> _Problem description_
Quote every line below exactly and skip any picture.

> _Data excerpt_
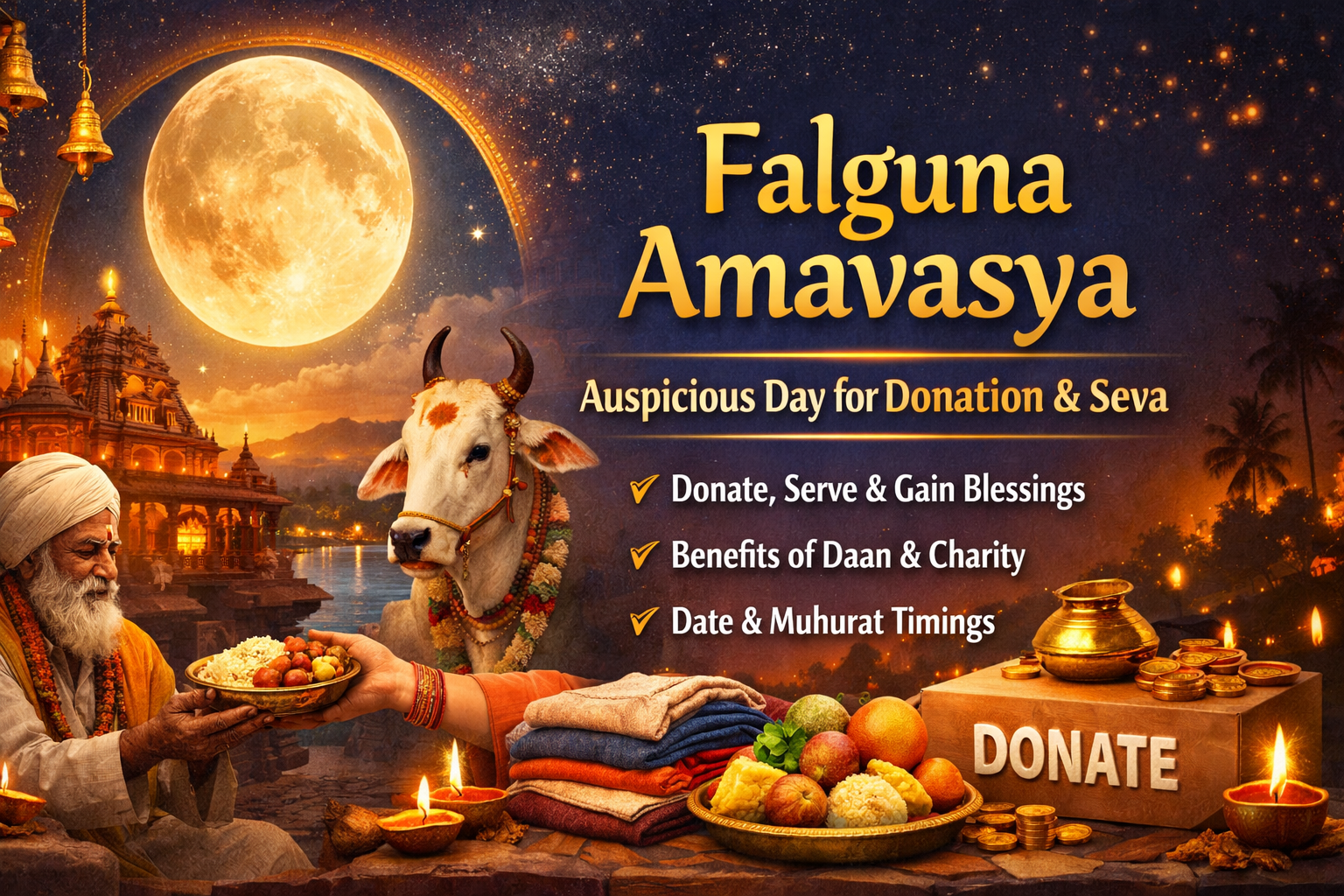 Donation on Falguna Amavasya is not just charity—it is a spiritual investment. Scriptures mention that daan performed on Amavasya never goes in vain.
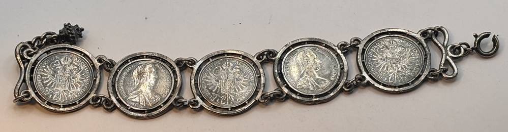 Münzarmband mit 5 kl. Maria Theresientalern, diese wohl kein Silber, Armband und Münzhalter eventuell lt. Säuretest Silber ??, aber ungemarkt, L-ca. 20 cm, ca. 52 gr [1]
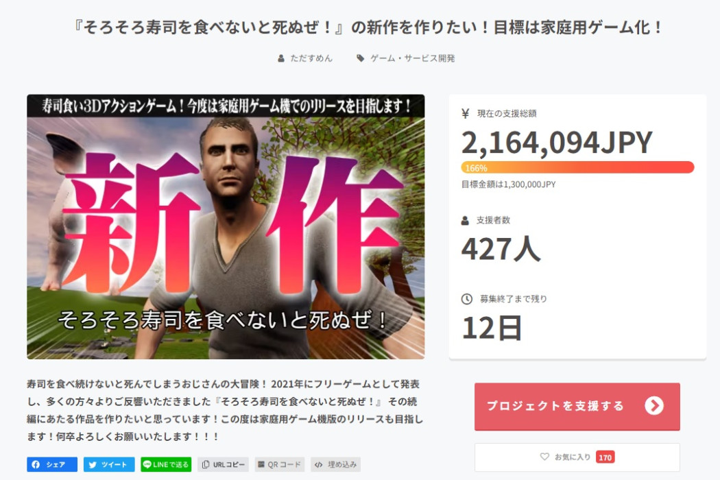※Campfire, “『そろそろ寿司を食べないと死ぬぜ!』の新作を作りたい!目標は家庭用ゲーム化!”
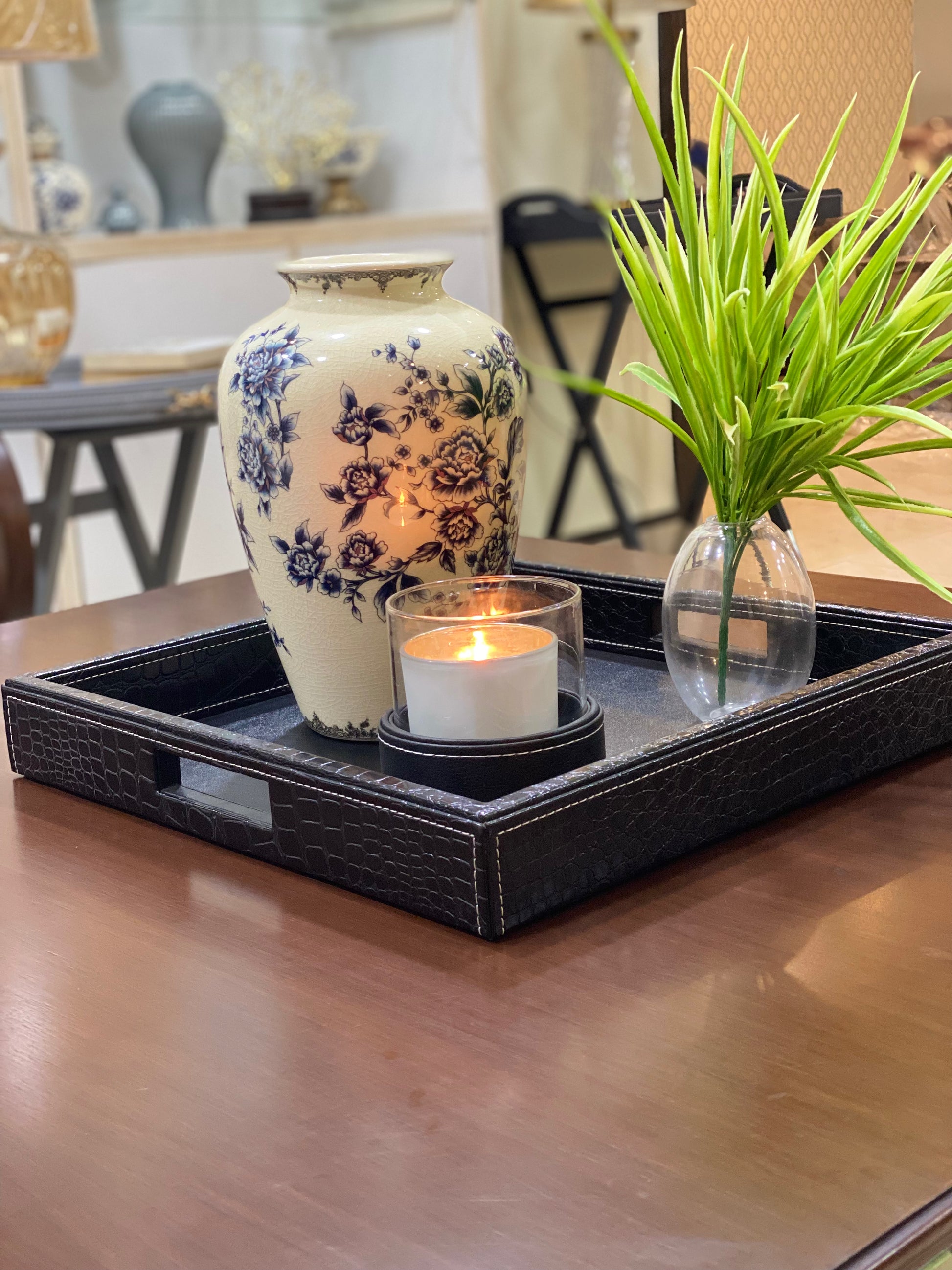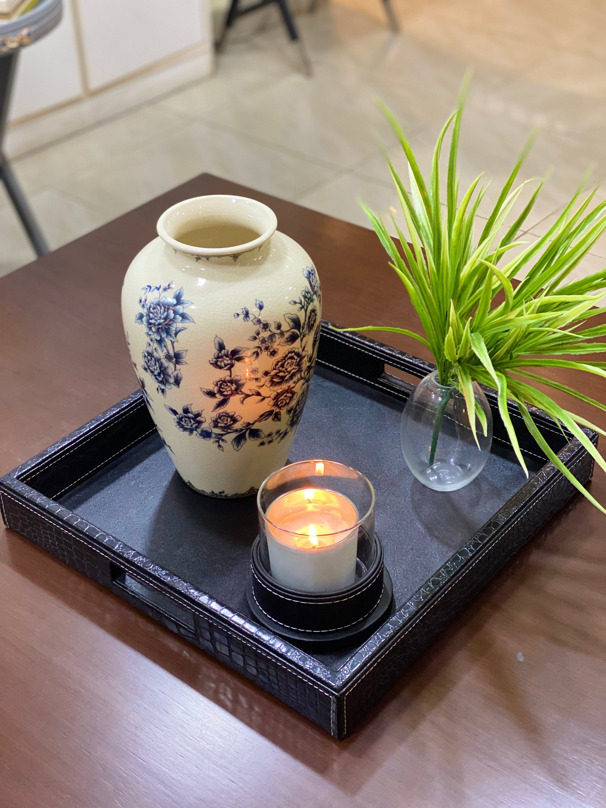 ASPEN Blue & White Floral Ceramic Vase 11.5"

> _Answer for the task_
 Donation on Falguna Amavasya is not just charity—it is a spiritual investment. Scriptures mention that daan performed on Amavasya never goes in vain.
 Münzarmband mit 5 kl. Maria Theresientalern, diese wohl kein Silber, Armband und Münzhalter eventuell lt. Säuretest Silber ??, aber ungemarkt, L-ca. 20 cm, ca. 52 gr [1]
※Campfire, “『そろそろ寿司を食べないと死ぬぜ!』の新作を作りたい!目標は家庭用ゲーム化!”
 ASPEN Blue & White Floral Ceramic Vase 11.5"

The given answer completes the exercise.